B- Communion fraternelle

Le deuxième pôle du visage de l’Église est la communion fraternelle. Avec la venue du Christ et son message, un principe nouveau d’existence est apparu dans le monde : à l’image de la Sainte Trinité et sous son influence, les êtres humains sont appelés à entrer en communion les uns avec les autres.

19- Cette communion se vit d’abord dans le couple et la famille : l’homme et la femme se donnent l’un à l’autre dans l’union conjugale d’où jaillissent de nouvelles vies; l’Écriture Sainte décrit bien cette réalité. La famille constitue la base de la société et de l’Église et elle mérite toute notre considération et notre engagement, afin qu’elle puisse remplir sa mission fondamentale. Elle est une « Église domestique ».

20- Les familles sont en contact les unes avec les autres, selon différents facteurs (voisinage, amitié, culture, travail, loisir, foi). Les familles croyantes se retrouvent dans l’unité de la paroisse. Le Pape François la décrit ainsi :

a- « Elle continuera à être ‘ l’Église elle-même qui vit au milieu des maisons de ses fils et de ses filles’. Cela suppose que réellement elle soit en contact avec les familles et avec la vie du peuple…

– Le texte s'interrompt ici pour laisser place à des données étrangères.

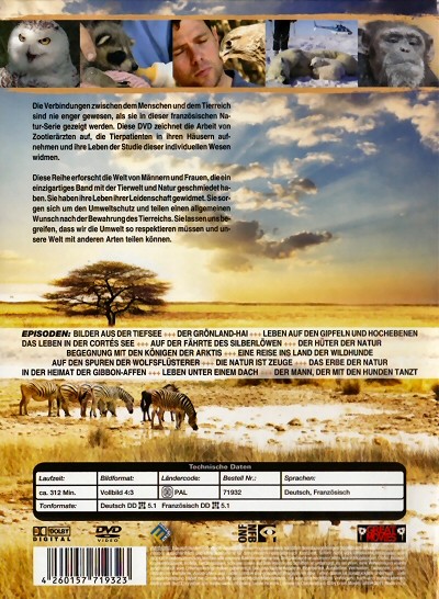 Diese Reihe erforscht die Welt von Männern und Frauen, die ein einzigartiges Band mit der Tierwelt und Natur geschmiedet haben. Sie haben ihr Leben ihrer Leidenschaft gewidmet. Sie sorgen sich um den Umweltschutz und teilen den Wunsch nach der Bewahrung des Tierreichs. Sie lassen uns begreifen, dass wir respektieren müssen und unsere Welt mit anderen Arten teilen können.

b- La paroisse est présence ecclésiale sur le territoire, lieu de l’écoute de la Parole, de la croissance de la vie chrétienne, du dialogue, de l’annonce, de la charité généreuse, de l’adoration et de la célébration. À travers toutes ses activités, la paroisse encourage et forme ses membres pour qu’ils soient des agents de l’évangélisation.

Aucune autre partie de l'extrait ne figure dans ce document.